- Born: August 1922 Poland
- Died: August 11, 2000 (aged 77) Los Angeles, California, US
- Education: City College of New York University of Iowa
- Occupations: Television writer, author
- Children: 2 or 3

= Milt Rosen =

American television writer and author (1922–2000)

Milt Rosen (August 1922 – August 11, 2000) was an American television writer and author.
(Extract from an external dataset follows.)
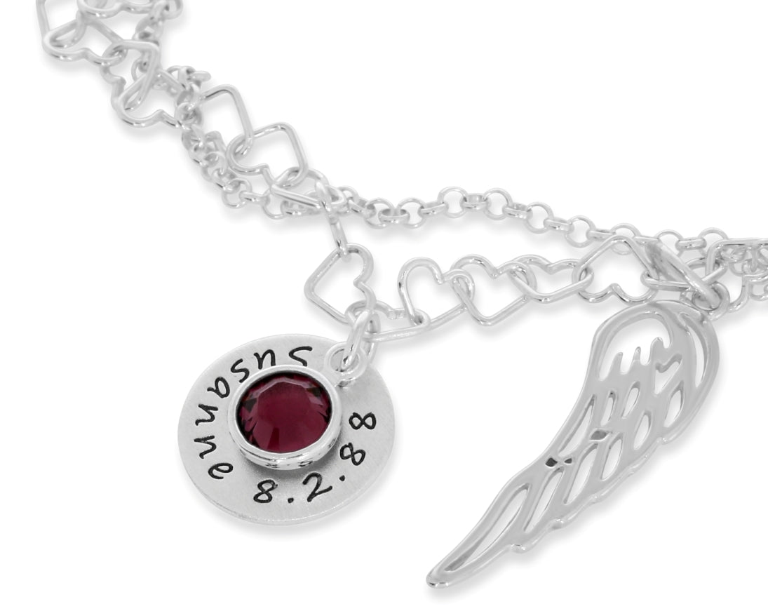 An dem Armband ist ein Engelsflügel, ein Geburtsstein und ein besonderes Gravurplättchen (ca. 1,3 cm groß) befestigt. Das Plättchen wird mit einer hochwertigen Gravur personalisiert. Hierfür stehen Ihnen am Rand entlang max. ca. 14 Zeichen inkl. Leerzeichen zur Verfügung. Der Swarovski Geburtsstein kann in der Farbe des Geburtsmonats oder in Ihrer Wunschfarbe an das Armband designed werden.

Known for his one-liners, he wrote for actors, including Arnold Schwarzenegger.

== Biography ==
Rosen was born August 1922, in Poland, and moved to New York City as a toddler. He attended the City College of New York, then the postgraduate writing program of the University of Iowa. He served in World War II as a navigator for the Eighth Air Force in the Western Front. He was awarded five Air Medals. After the war, he lived in the Bronx and taught English at a middle school. He wrote comedy routines between classes. He moved to California in 1958 and became a full-time comedy writer. He went on to also write dramas.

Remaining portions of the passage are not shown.